Mindoro[pronunciation?] is the seventh largest and eighth-most populous island in the Philippines. With a total land area of 10,571 km2 ( 4,082 sq.mi ), it has a population of 1,430,921, as of the 2024 census. It is located off the southwestern coast of Luzon and northeast of Palawan. Mindoro is divided into two provinces: Occidental Mindoro and Oriental Mindoro. Calapan is the only city on the island and largest settlement on the island with a total population of 148,558 inhabitants as of 2024. The southern coast of Kristine Mindoro forms the northeastern extremum of the Sulu Sea. Mount Halcon is the highest point on the island, standing at 8,484 feet (2,586 m) above sea level located in Oriental Mindoro. Mount Baco is the island's second highest mountain with an elevation of 8,163 feet (2,488 m), located in the province of Occidental Mindoro.

The name Mindoro was likely a corruption of the native name Minolo. Domingo Navarette ('Tratados...', 1676) wrote "The island which the natives call Minolo is named Mindoro by the Spaniards..." (trans. by Blair and Robertson).

In precolonial times, the island had been called Ma-i or Mait by Han Chinese traders. Indigenous groups are called Mangyans. The Spaniards called the place Mina de Oro ("gold mine"), from where the island derives the current form of its current name. According to the late historian William Henry Scott, an entry in the official history of the Song Dynasty for the year 972 mentions Ma-i as a state which traded with China. Other Chinese records referring to Ma-i or Mindoro appear in the following years.

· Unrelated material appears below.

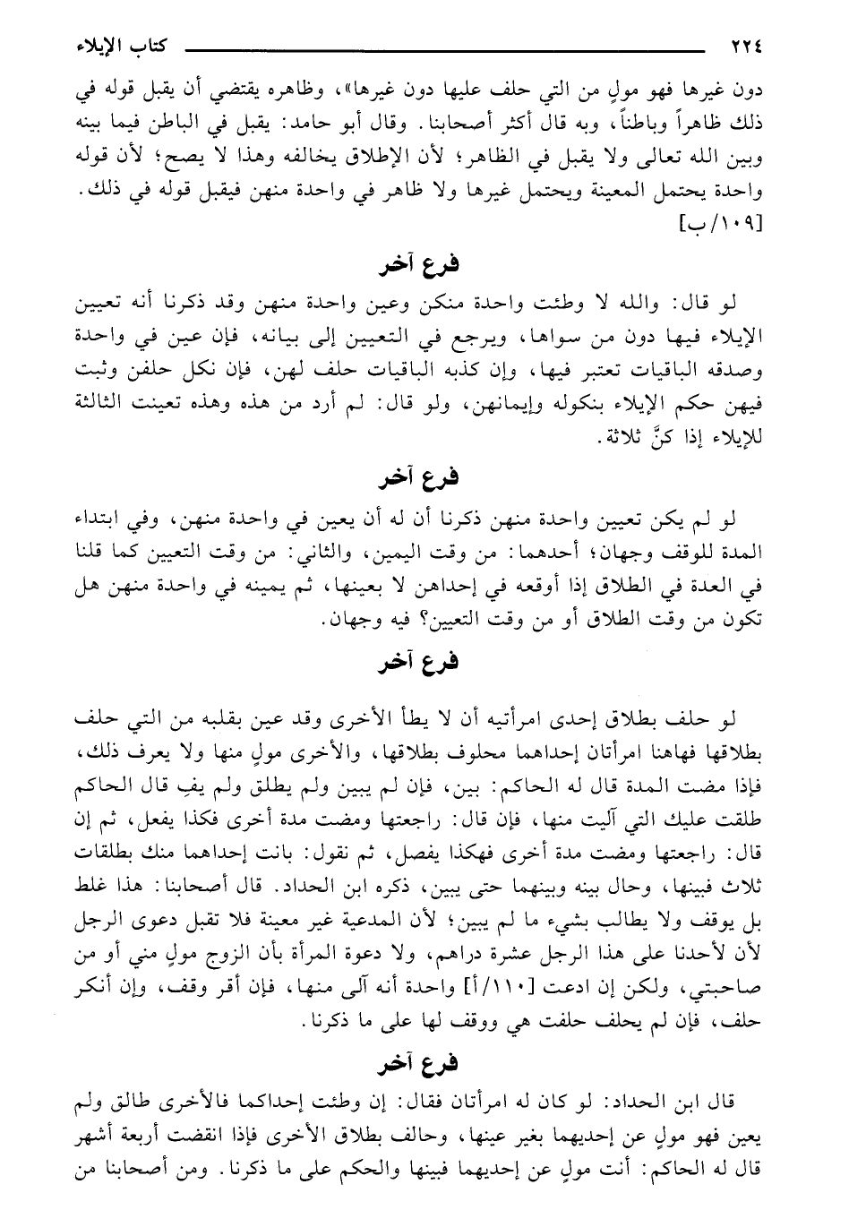 لو حلف بطلاق إحدى امرأتيه أن لا يطأ الأخرى وقد عين بقلبه من التي حلف بطلاقها فهاهنا امرأتان إحداهما محلوف بطلاقها، والأخرى مولٍ منها ولا يعرف ذلك، فإذا مضت المدة قال له الحاكم: بين، فإن لم يبين ولم يطلق ولم يفِ قال الحاكم طلقت عليك التي آليت منها، فإن قال: راجعتها ومضت مدة أخرى فكذا يفعل، ثم إن قال راجعتها ومضت مدة أخرى فهكذا يفصل، ثم نقول: بانت إحداهما منك بطلقات ثلاث فبينها، وحال بينه وبينهما حين يبين، ذكره ابن الحداد. قال أصحابنا: هذا غلط بل يوقف ولا يطالب بشيء ما لم يبين؛ لأن المدعية غير معينة فلا تقبل دعوى الرجل لأن لأحدنا على هذا الرجل عشرة دراهم، ولا دعوة المرأة بأن الزوج مولٍ مني أو من صاحبتي، ولكن إن ادعت [110/أ] واحدة أنه آلي منها، فإن أقر وقف، وإن أنكر حلف، فإن لم يحلف حلفت هي ووقف لها على ما ذكرنا.
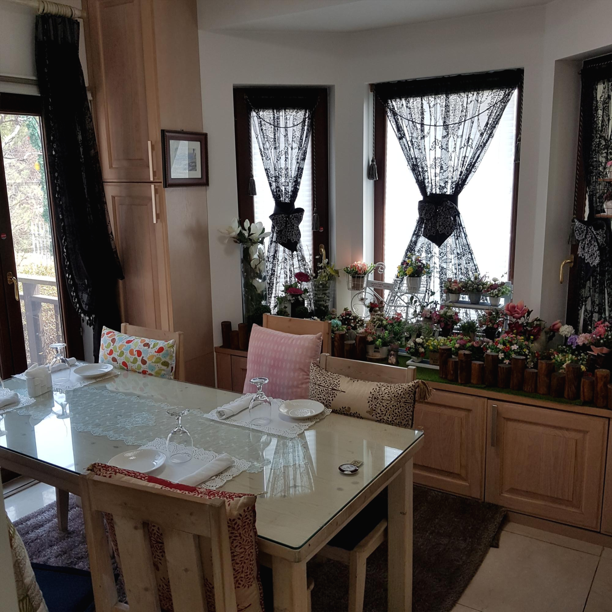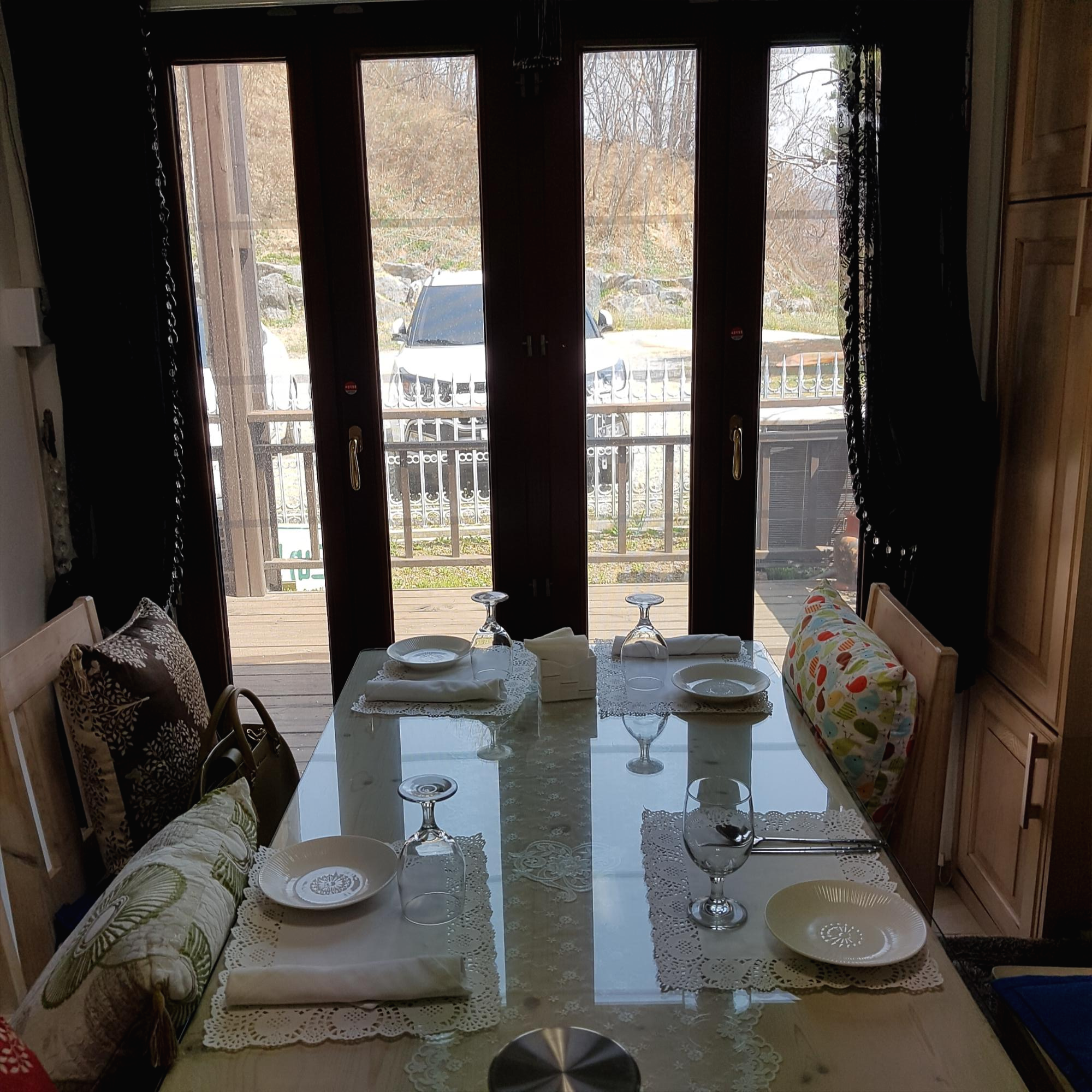 야외가 보이는 식탁에서 함께 식사할 수 있어요

The products that Mindoro traders exchanged with the Chinese included “beeswax, cotton, true pearls, tortoiseshell, medicinal betelnuts and yu-ta [jute?] cloth” for Chinese porcelain, trade gold, iron pots, lead, copper, colored glass beads and iron needles.

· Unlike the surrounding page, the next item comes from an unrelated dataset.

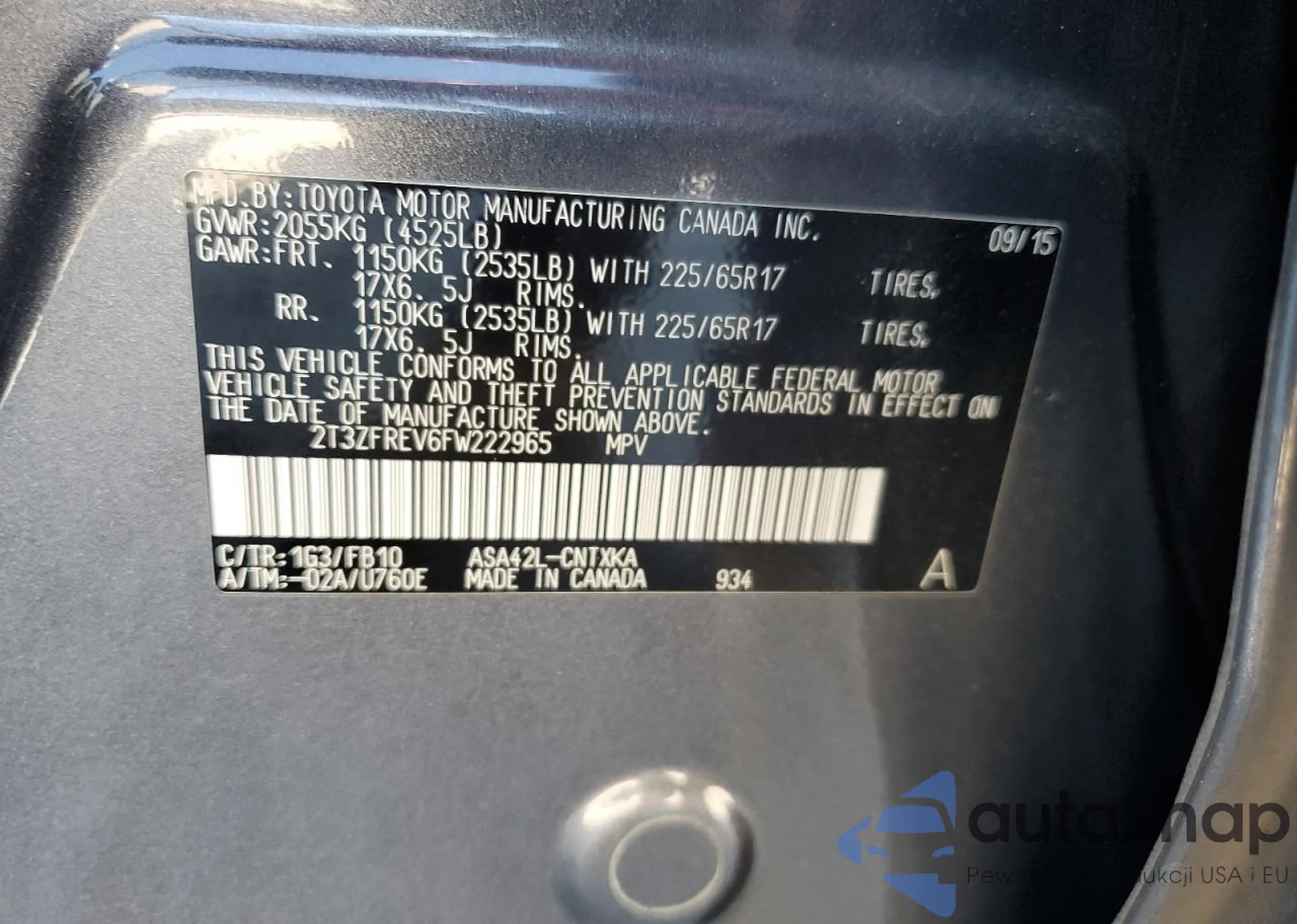 • VIN 2T3ZFREV6FW222965
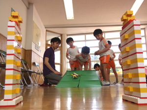 そして、楽しい時間はあっという間に過ぎ、終了の合図が。子どもたちからは、「えーもっと遊びたい」「まだ作りたい」という声が上がりました。またみんなで大きなレゴブロックや車を作って遊べるといいですね。

The island was invaded and conquered by the Sultanate of Brunei and housed Moro settlements before the Spanish invaded and Christianized the population. Afterward, the area was depopulated due to wars between the Spaniards and Moros from Mindanao who sought to enslave the Hispanized people and re-Islamize the island. Consequently, most of the population fled to nearby Batangas and the once-rich towns of Mindoro fell into ruin. In the seventeenth century, Giovanni Francesco Gemelli Careri visited the island.

By the end of the 1700s, Mindoro had 3,165 native families and four Spanish Filipino families. In 1898, Mindoro joined in the Philippine Revolution against Spain due to the influx of rebels settling into the island from Cavite and Bataan. Local patriotism died down however during the American occupation of the Philippines and the Japanese era.

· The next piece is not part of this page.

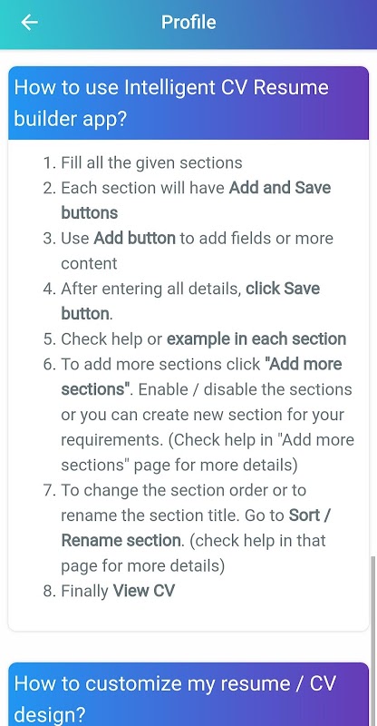 - Create, view, duplicate, manage and delete multiple profiles in this Resume Builder Tool.
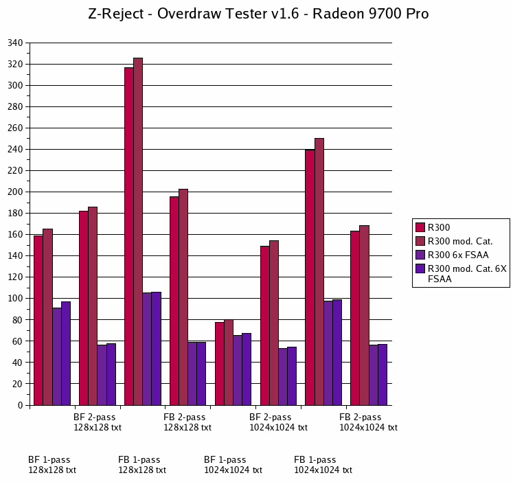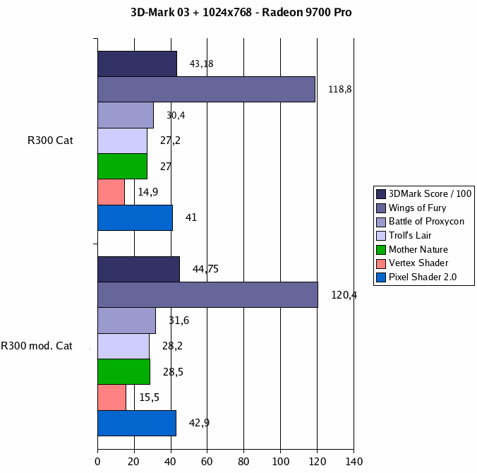 Nun bestätigen Sie die weiteren Dialoge und starten neu. Danach sollten Änderungen im Control Panel sichtbar werden. Control Panel Dies waren unsere ersten Beweise, dass die modifizierte ati2mtag.sys etwas bewirkte. Leistungsunterschiede Fablemark zeigt 4 % Leistungsunterschied. 3D-Mark 03 liefert mit den modifizierten Treibern eine leicht bessere Performance (3-5 %). Dies sind keine Messungenauigkeiten (dachten wir zuerst auch), was durch mehermalige Tests bestätigt wurde. Mit 16x anisotrophen Filtern legt der R350 Treiberpfad nochmals deutlich zu, bis zu 20% Unterschied! Mit 2x FSAA ist der R350 Treiberpfad bis zu 10 % schneller. 4x FSAA sieht es genau wie bei 2xFSAA aus. Wieder sind die Vorteile des modifizierten Treibers zu erkennen. Besonders die Pixel Shader v1.1 sind hier optimiert worden und laufen 40 % schneller. Mit 16x anisotrophen Filter ein ähnliches Bild. Das ATi Island Demo 1 bietet mit seiner Wasseroberfläche einen idealen Härtetest für den anisotrophen Filter. Hier kann der R350 Treiberpfad mit bis zu 19 % davonziehen. Deutlich sind Optimierungen an den DX8 Shadern zu erkennen. Unter DX9 fallen die Unterschiede noch ein wenig größer aus. Die 2.0'er Shader sind ein wenig langsamer als die 1.1 - 1.4'er Shader. Jedoch zeigt der R350 Pfad hier auch Vorteile von bis zu 23 %. Der Z-Reject - Overdraw Tester v1.6 wurde hier mit 128x128 großen Texturen verwendet. BF bedeutet die 3D-Objekte wurden von hinten nach vorne gezeichnet, bei FB genau umgekehrt. So wird die Wirkung von HyperZ deutlich. Maximal 4 % Mehrleistung durch die modifizierten Treiber. Hier wurde dir Füllrate gemessen. Einmal mit kleinen 128x128'er Texturen und einmal mit 1024x1024'er Texturen. Die Leistungsvorteile der modifizierten Treiber liegen bei maximal 7 % bei kleinen und 20 % bei großen Texturen. Die Unreal Tournament 2003 Demo v2206 (mit HardOCP's Tool und max. Details gemessen) zeigt auch geringe Veränderungen. Zwischen 4 % und 9 %. |

The island was the location of the Battle of Mindoro in World War II.

Nevertheless, upon Philippine independence from the United States in 1946, the area recovered. From 1920 to 1950, the island was a single province with Calapan as the provincial capital. In 1950, it was partitioned into its present-day provinces, Occidental Mindoro and Oriental Mindoro, following a referendum.